Cuando las
mires, presta atención. La gama cromática se reduce a ocres, grises, negros y
tonos terrosos. Es la sustancia del final de una vida. Un ciclo que está
cerrándose. Lo que también confiere cierto aire macabro, silencioso, espectral
a las catorce piezas. Un balance póstumo, para decirlo amablemente. Las realizó
en la Quinta del Sordo, a orillas del río Manzanares. Francisco de Goya compra
esta propiedad en 1819 y la abandona en 1823, cuando se traslada a Burdeos,
donde fallecerá en 1828. La situación física, mental y espiritual que
atraviesa—ya no es joven, está a unos años de su jubilación, su espíritu
crítico se acentúa y lo envuelve como una cebolla morada—le obligan a depurar
su catálogo, ya de por sí oscuro. Con lo más fúnebre de su imaginación ha
realizado estos murales. Las pinturas negras. El subconsciente en su más pura
expresión diabólica. Provincia de caprichos y disparates. Un teaser del expresionismo que vendrá.
Por
supuesto, dichas alegorías no son un paseo por el bosque. Te confrontan como
espectador, te provocan, se ríen de tu inocencia. Pero quién sería inocente
para una España que ya ha visto demasiada sangre. Una sociedad dividida entre
progresistas y moderados: monstruo bicéfalo. Con prejuicios y costumbres en caída
libre. Brujería, prostitución, inquisidores, miseria y descontento social. Son
las musas del pintor, los ecos detrás de las paredes, su materia prima. Aunque se cree que Goya intervino los paisajes
bucólicos que decoraban las muros de la finca, y se cuestiona si estos fueron
también de su autoría, sin duda fue determinante su deterioro físico para que
decidiera transformarlos. A sus
setenta y pico años, sobrellevaba un cuadro de tifus. Es curioso cómo la desintegración
orgánica pone las condiciones justas para ciertas obras maestras. Piensa en Van
Gogh, Artaud, Panero, Rothko. Los enfermos y los dementes.
El tifus no
era el único mal que acorralaba al pintor. Entre 1792 y 1793 ya había presentado
síntomas de intoxicación, posiblemente a causa del plomo contenido en sus
pinturas. A raíz de ello le quedó una sordera desastrosa. Otras
interpretaciones arrojan diagnósticos más siniestros. Esquizofrenia, sífilis,
envenenamiento por mercurio. ¿Qué vería Goya cuando se dispuso crear su
exhibición de atrocidades? ¿El horror, la ferocidad o el triunfo de la muerte?

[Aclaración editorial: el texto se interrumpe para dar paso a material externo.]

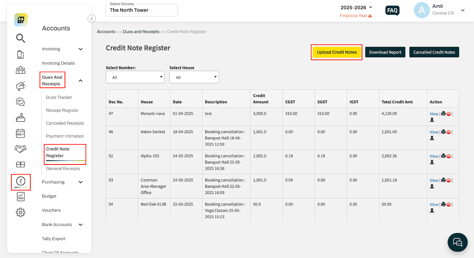 Go to Accounts and select Credit Note Register under Dues and Receipts.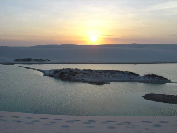 A partir de Barreirinhas, e até ao destino final, Fortaleza, o nosso transporte passou a ser uma caravana de nove jeeps. Começámos pelo Parque Nacional dos Lençóis Maranhenses. Sentimos a sua areia, não à distância, mas debaixo dos nossos pés, caminhando nas suas dunas e tomando banho nas mornas águas a espelharem o azul do céu. Fechámos em beleza a nossa aventura entre os lençóis, quando, no cimo de uma duna, assistimos ao pôr do sol que incendiou o horizonte com laivos de carmim.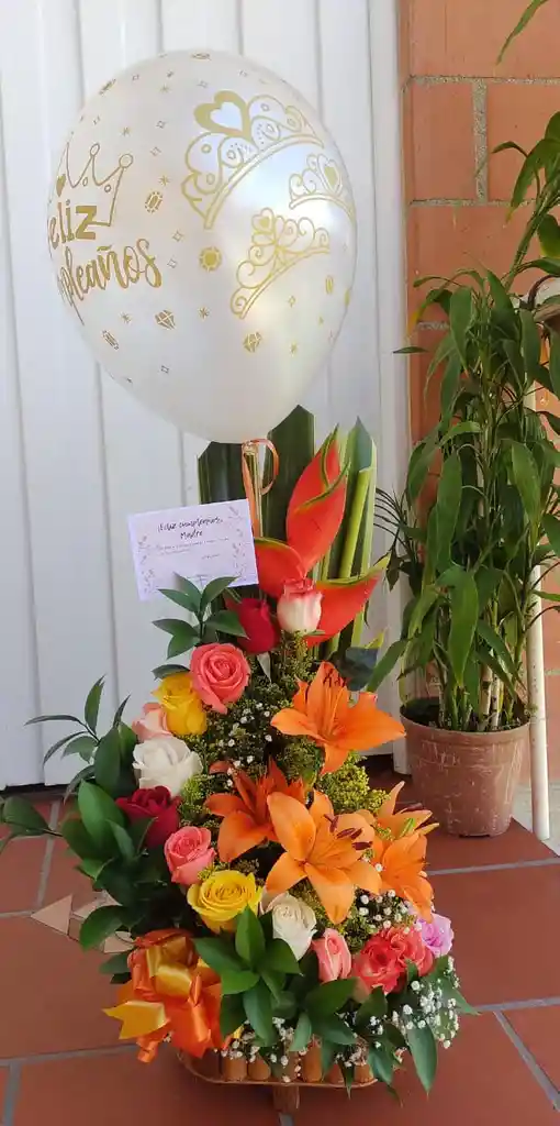 hermoso arreglo de rosas y lirios en variados colores según disponibilidad de la tienda ,con globo en helio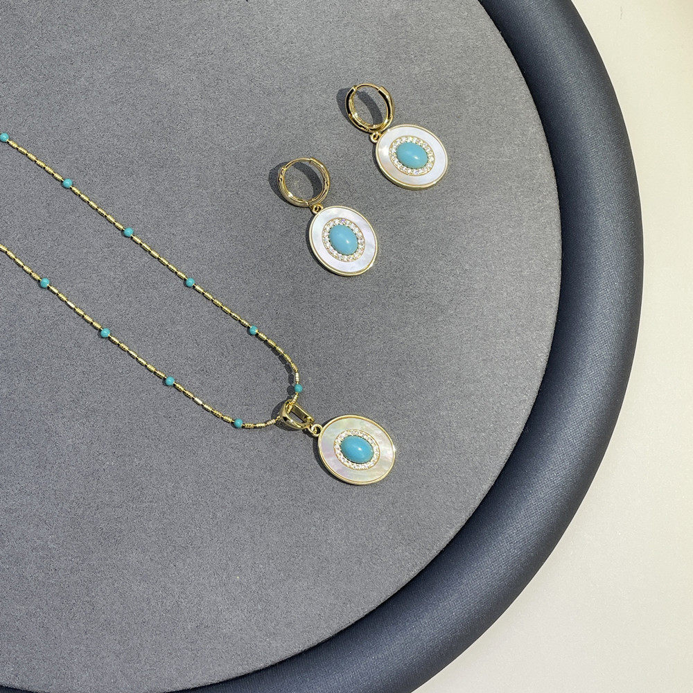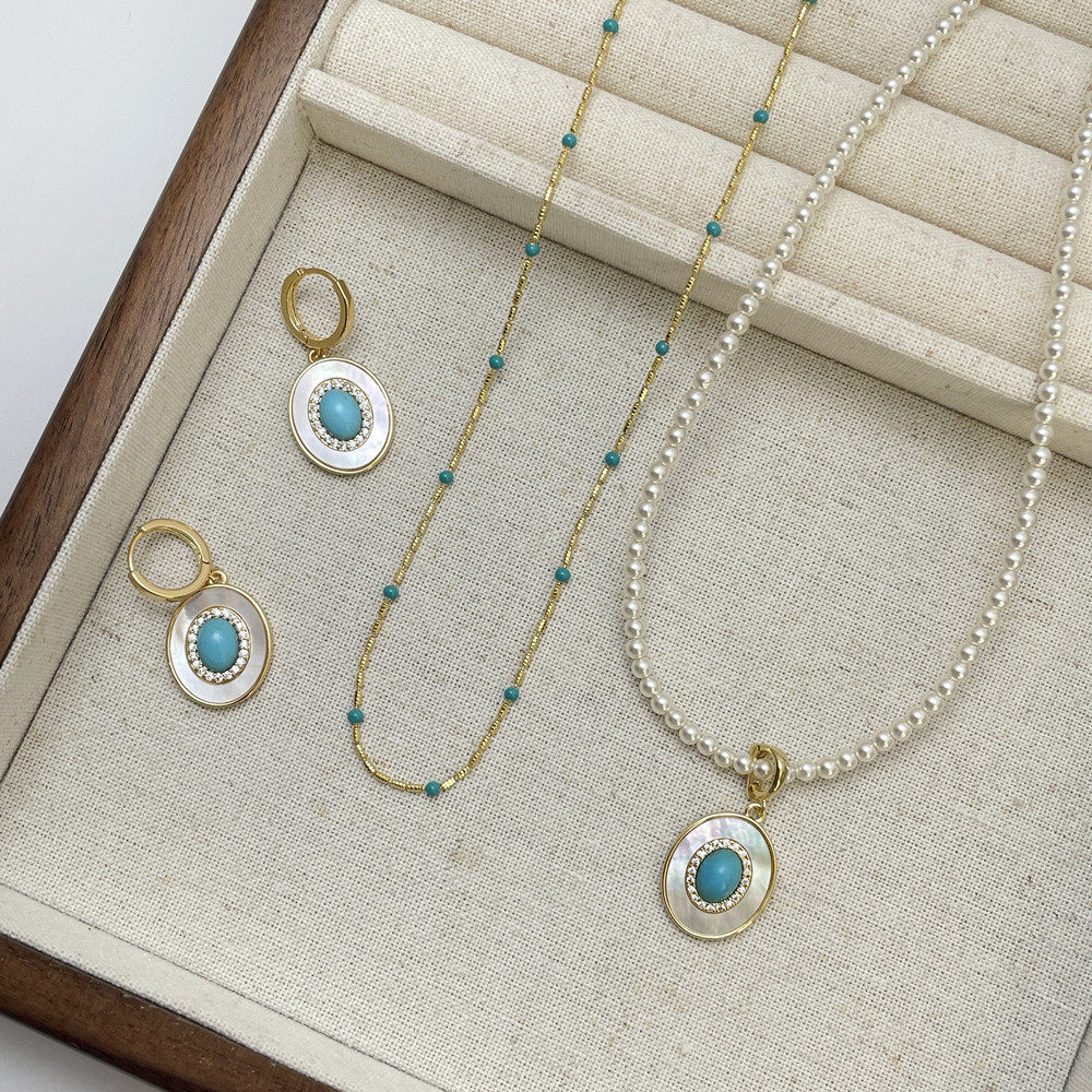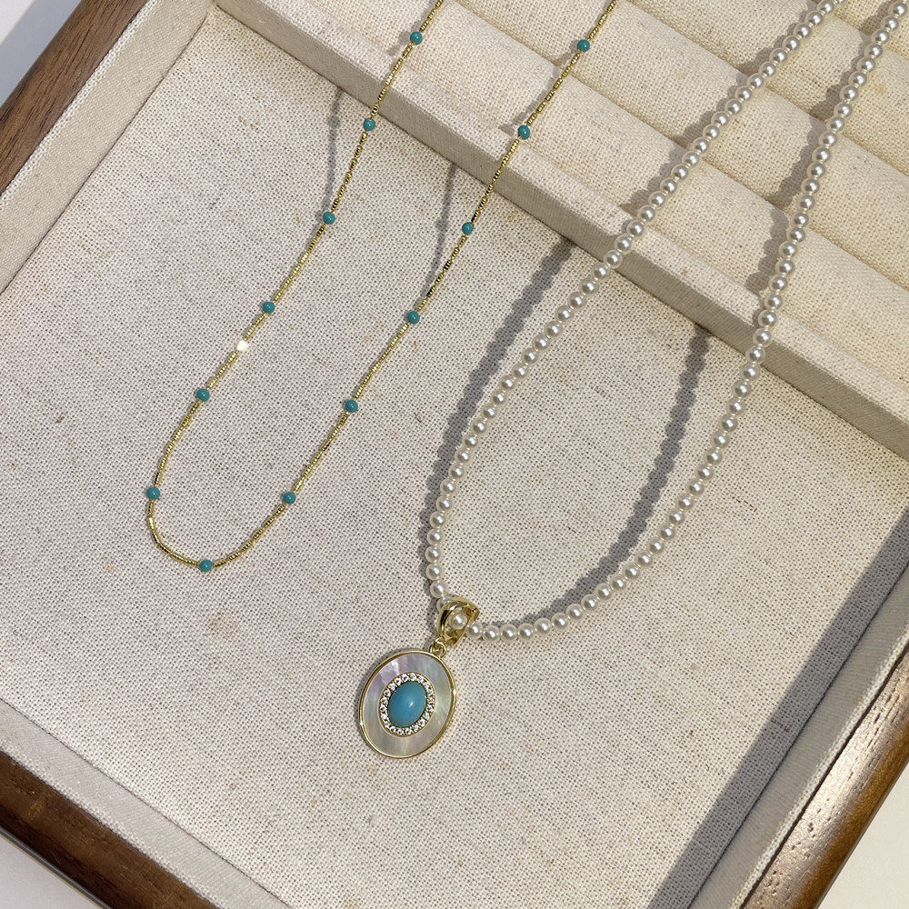 📚 绿松石白贝母吊坠珍珠项链女通勤叠戴气质锁骨链复古轻奢毛衣链

¿Los desesperados conflictos bélicos? ¿Su propia condición senil? Dimelo tú. La
quinta pasa a manos del barón d’Erlanger y en 1874, por encargo del nuevo
dueño, Salvador Martínez Cubells procede al arranque de los óleos y su
posterior traslado en lienzo al Museo del Prado. Los restos de Francisco de Goya
descansan, salvo la cabeza, en Madrid. Y de esa historia no existe ninguna
explicación. Simplemente un día, al exhumar los restos, ya no estaba.